Supplied entries —

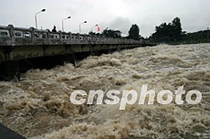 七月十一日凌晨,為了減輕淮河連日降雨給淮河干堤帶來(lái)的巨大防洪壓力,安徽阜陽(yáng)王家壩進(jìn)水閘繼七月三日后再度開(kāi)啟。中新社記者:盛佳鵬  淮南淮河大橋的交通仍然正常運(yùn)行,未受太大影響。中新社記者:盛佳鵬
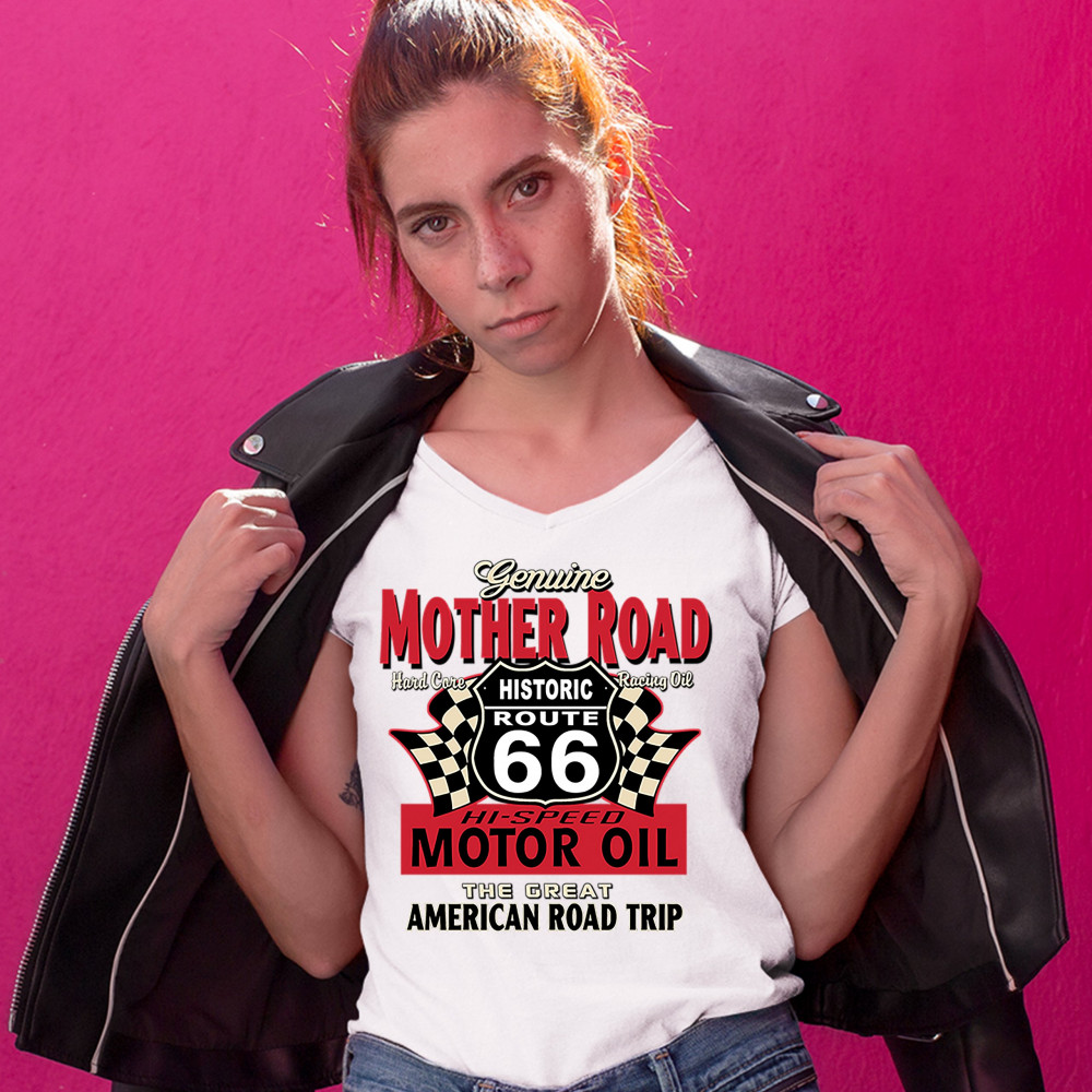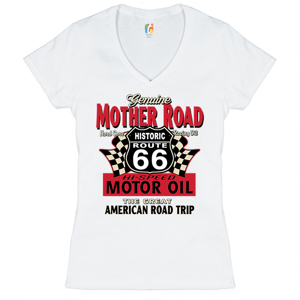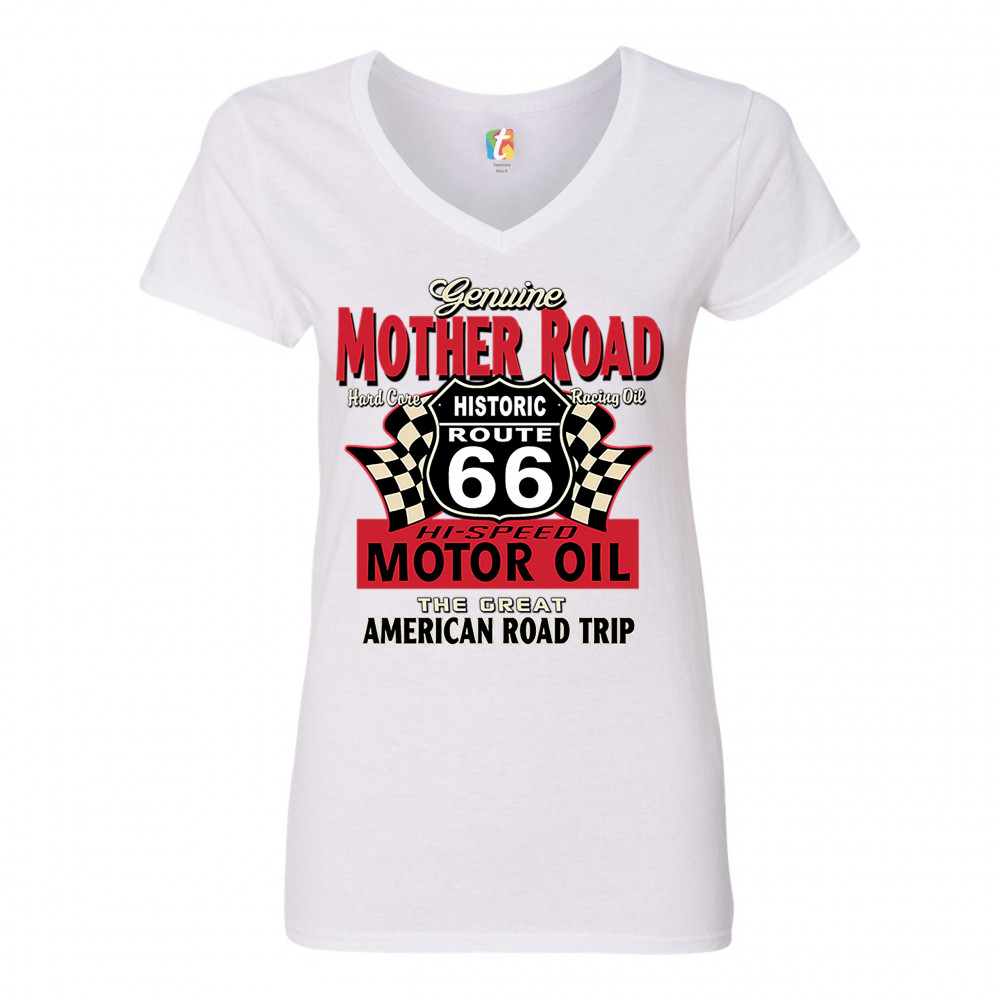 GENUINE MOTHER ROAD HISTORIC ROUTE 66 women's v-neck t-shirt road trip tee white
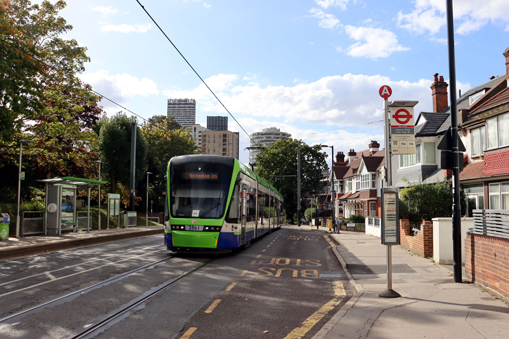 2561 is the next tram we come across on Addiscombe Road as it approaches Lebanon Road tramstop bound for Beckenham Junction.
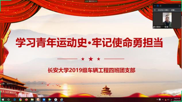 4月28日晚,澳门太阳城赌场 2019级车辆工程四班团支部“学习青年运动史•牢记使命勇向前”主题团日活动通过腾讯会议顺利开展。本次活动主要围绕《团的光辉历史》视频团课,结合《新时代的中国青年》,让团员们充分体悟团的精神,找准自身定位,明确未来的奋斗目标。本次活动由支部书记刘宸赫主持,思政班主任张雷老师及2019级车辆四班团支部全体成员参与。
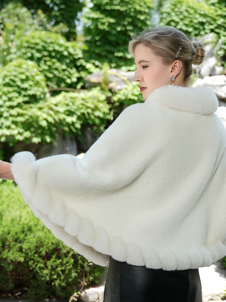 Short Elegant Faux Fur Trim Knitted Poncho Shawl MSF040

---

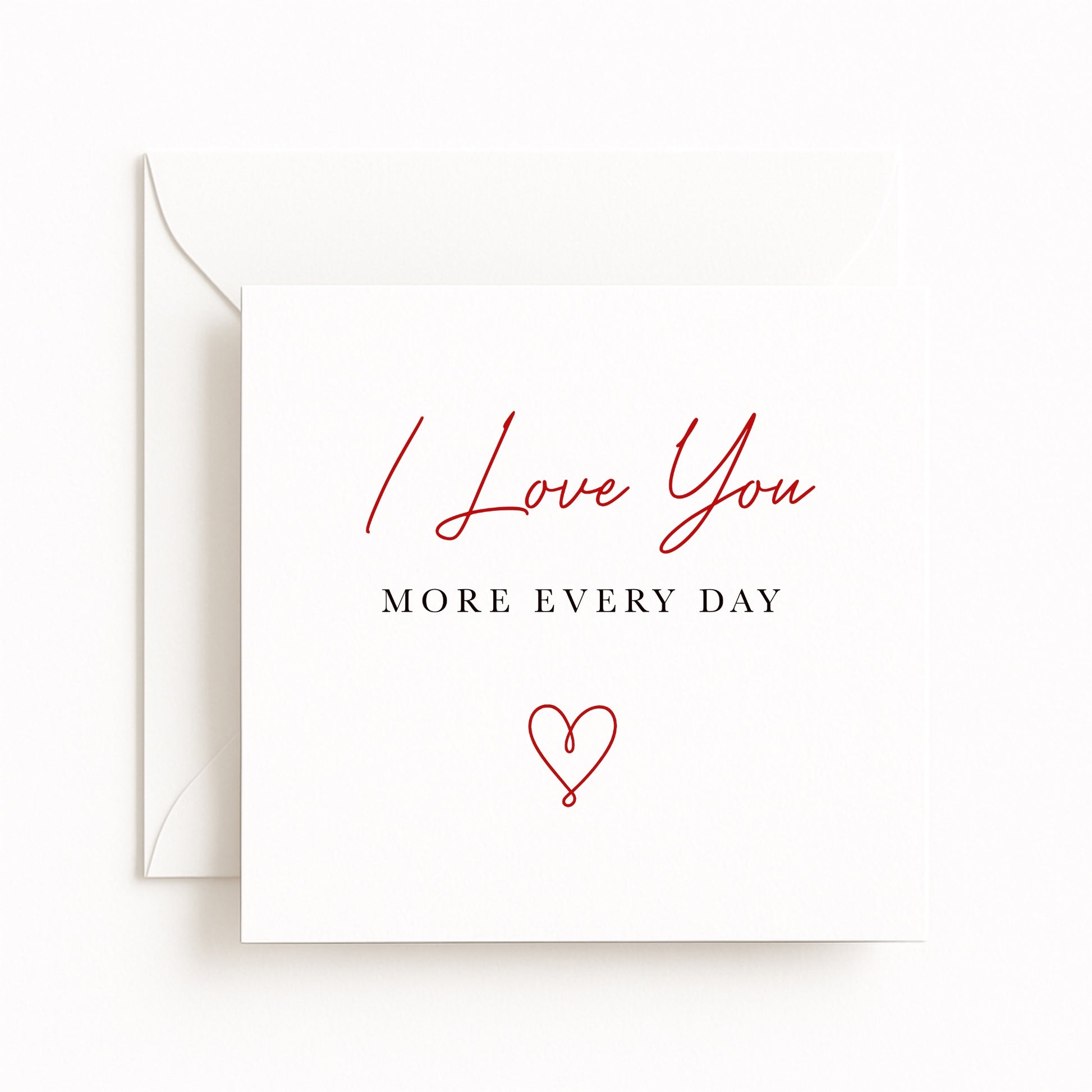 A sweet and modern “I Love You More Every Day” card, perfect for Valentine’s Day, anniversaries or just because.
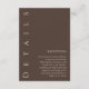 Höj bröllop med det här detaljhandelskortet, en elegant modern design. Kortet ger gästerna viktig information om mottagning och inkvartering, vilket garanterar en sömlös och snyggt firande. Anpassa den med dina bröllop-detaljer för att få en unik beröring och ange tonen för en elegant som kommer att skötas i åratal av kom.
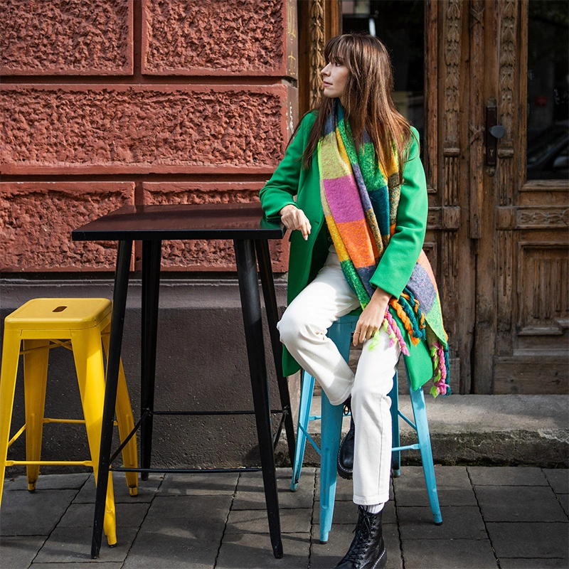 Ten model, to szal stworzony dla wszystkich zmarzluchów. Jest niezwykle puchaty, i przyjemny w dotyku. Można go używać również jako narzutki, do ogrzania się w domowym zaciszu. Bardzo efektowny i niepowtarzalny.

Description of the task —
Given the listing above, repeat exactly the lines starting at the one with "GENUINE MOTHER ROAD" and ending at the one with "Short Elegant Faux", inclusive, excluding pictures.

Solution —
 GENUINE MOTHER ROAD HISTORIC ROUTE 66 women's v-neck t-shirt road trip tee white
 2561 is the next tram we come across on Addiscombe Road as it approaches Lebanon Road tramstop bound for Beckenham Junction.
 4月28日晚,澳门太阳城赌场 2019级车辆工程四班团支部“学习青年运动史•牢记使命勇向前”主题团日活动通过腾讯会议顺利开展。本次活动主要围绕《团的光辉历史》视频团课,结合《新时代的中国青年》,让团员们充分体悟团的精神,找准自身定位,明确未来的奋斗目标。本次活动由支部书记刘宸赫主持,思政班主任张雷老师及2019级车辆四班团支部全体成员参与。
 Short Elegant Faux Fur Trim Knitted Poncho Shawl MSF040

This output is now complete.